You're a rebel without a cause, but that's why you're here: even as pirates go, the ones you've thrown in with are already infamous and notorious. But ruthless 'Captain' Kid and his band of misfits aren't only that. The crew love their captain, and for the first time in your life you're starting to feel like you might belong somewhere after all.
Breakfast is a freestyle affair. To each their own, depending on when you roll out of your hammock and what fare can be scrounged out of the kitchen. Along the way you pass Dive gnawing on something that might be leftover Sea King, and dodge Moai's elbow as he rummages in the cupboard looking for the can opener.

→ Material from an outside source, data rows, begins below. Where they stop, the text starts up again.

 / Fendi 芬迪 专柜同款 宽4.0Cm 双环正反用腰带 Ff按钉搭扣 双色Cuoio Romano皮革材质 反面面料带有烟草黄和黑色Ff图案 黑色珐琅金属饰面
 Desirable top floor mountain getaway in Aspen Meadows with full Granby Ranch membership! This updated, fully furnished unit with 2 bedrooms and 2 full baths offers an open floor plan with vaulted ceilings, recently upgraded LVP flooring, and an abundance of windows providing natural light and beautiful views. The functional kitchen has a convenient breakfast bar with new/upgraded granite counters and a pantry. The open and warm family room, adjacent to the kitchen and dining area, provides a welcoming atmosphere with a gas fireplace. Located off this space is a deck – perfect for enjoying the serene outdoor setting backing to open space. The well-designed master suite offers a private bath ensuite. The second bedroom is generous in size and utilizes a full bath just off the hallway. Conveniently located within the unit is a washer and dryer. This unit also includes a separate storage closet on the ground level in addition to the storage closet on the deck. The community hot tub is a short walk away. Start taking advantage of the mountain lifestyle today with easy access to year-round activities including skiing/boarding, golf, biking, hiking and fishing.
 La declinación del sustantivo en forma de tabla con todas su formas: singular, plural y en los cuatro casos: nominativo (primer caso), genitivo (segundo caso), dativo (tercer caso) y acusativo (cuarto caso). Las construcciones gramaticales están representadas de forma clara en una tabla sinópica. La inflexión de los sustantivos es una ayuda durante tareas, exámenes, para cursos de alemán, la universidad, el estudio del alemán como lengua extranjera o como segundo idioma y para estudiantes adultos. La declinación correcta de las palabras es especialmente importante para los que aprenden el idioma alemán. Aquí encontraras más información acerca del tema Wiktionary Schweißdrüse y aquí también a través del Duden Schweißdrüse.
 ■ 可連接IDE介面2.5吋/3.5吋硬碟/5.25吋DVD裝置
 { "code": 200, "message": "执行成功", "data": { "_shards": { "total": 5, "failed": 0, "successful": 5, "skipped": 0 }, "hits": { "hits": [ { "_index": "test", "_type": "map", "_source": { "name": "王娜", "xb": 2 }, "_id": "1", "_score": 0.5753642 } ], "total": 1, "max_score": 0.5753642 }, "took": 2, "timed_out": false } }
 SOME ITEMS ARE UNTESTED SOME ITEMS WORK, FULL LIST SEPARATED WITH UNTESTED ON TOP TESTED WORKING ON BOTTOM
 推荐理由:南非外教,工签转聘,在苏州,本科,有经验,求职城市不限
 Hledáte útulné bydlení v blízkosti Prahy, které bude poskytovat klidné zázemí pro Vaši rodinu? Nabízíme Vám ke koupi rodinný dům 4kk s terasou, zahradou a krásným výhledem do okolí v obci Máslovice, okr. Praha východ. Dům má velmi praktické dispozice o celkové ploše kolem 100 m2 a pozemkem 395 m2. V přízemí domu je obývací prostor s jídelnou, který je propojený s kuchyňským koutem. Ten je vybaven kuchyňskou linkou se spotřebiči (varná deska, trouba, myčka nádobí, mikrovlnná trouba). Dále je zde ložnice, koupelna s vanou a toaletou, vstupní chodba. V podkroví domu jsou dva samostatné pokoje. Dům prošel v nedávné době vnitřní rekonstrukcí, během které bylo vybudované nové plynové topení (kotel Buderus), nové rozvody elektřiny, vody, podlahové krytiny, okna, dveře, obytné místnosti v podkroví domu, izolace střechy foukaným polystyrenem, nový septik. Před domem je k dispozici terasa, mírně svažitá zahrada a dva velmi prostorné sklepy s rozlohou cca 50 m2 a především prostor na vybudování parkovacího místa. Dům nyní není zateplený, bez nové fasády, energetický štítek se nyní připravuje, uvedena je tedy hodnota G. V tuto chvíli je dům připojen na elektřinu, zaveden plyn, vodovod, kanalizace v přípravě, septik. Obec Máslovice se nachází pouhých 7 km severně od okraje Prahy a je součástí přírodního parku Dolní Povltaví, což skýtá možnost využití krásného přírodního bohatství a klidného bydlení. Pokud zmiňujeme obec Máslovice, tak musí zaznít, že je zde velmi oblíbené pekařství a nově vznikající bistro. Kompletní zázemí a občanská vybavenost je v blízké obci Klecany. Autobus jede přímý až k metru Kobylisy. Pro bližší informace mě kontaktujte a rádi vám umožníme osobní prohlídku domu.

But you're in luck—there is a pot of… something on the counter, and it's still warm. It looks like sludge but smells pleasant enough, so you fill your bowl and go looking for a spot to sit.
The mess is quiet, and one particularly taciturn man sits alone. Even stooped over a bowl of goo that looks a lot like yours, he's taller than anybody has a right to be. You take a breath and wrestle your misgivings into submission. Wire shrugs his shoulders with a broad stroke of affability that puts you at ease, and you slide onto the bench across from him. You don't know much about him, aside from the fact that he has sailed with the captain since the crew formed.

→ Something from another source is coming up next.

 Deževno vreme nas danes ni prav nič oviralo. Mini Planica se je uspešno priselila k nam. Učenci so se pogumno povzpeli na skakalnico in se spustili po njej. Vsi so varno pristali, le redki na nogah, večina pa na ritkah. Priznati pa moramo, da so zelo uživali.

So you ask him how it started.
"Before we were pirates under one flag, we were thugs in different gangs... Always at each other's throats, and fighting over scraps."
You want to know what changed.
"A girl was killed. Victoria."
You recognize the name, of course. It is scribed with loving detail on the ass of the toothy ship that now sails on a page within your journal. Wire gives a nod, as he can tell you've caught on.
"I didn't know her well, but Kid and Killer were obsessed. Even after she thrashed them both over something stupid."
Even to you, it seems like a stretch that the captain would plead for help from rivals to avenge a girl. Wire laughs, because you're right.
"Yeah. Our captain isn't satisfied with being an underdog."
You're not quite sure what Wire means by that.
"Strays gravitate to each other," he muses. "Because when it's us against everyone else, we're better off together."
You look down at the empty bowls on the table, and although you still aren't certain what was in them, you can't deny that you feel satisfied.
***
Among pirates, fighting is as natural as breathing. There be monsters in the depths below the keel, and righteous soldiers on sponsored ships. Marauders and adversaries come and go in various degrees of wretchedness. Sometimes things get ugly. People get hurt. Some days it's people you know, and some days it's people you don't. You scribble about them all, because even if it's only a footnote now, maybe you'll know how to chronicle it properly someday.
It's not always easy to know which details are worth recording. This time, your hand hovers above a blank page until a shadow falls over your shoulder.
The shadow belongs to a man who looms—without ghastly intention, only the aloofness you've come to recognize as his expressive default. The sunken eyes focused on you are unsettling, if only because they seem aware you're already in distress.
Heat inquires if you're ready to leave this particular battlefield behind.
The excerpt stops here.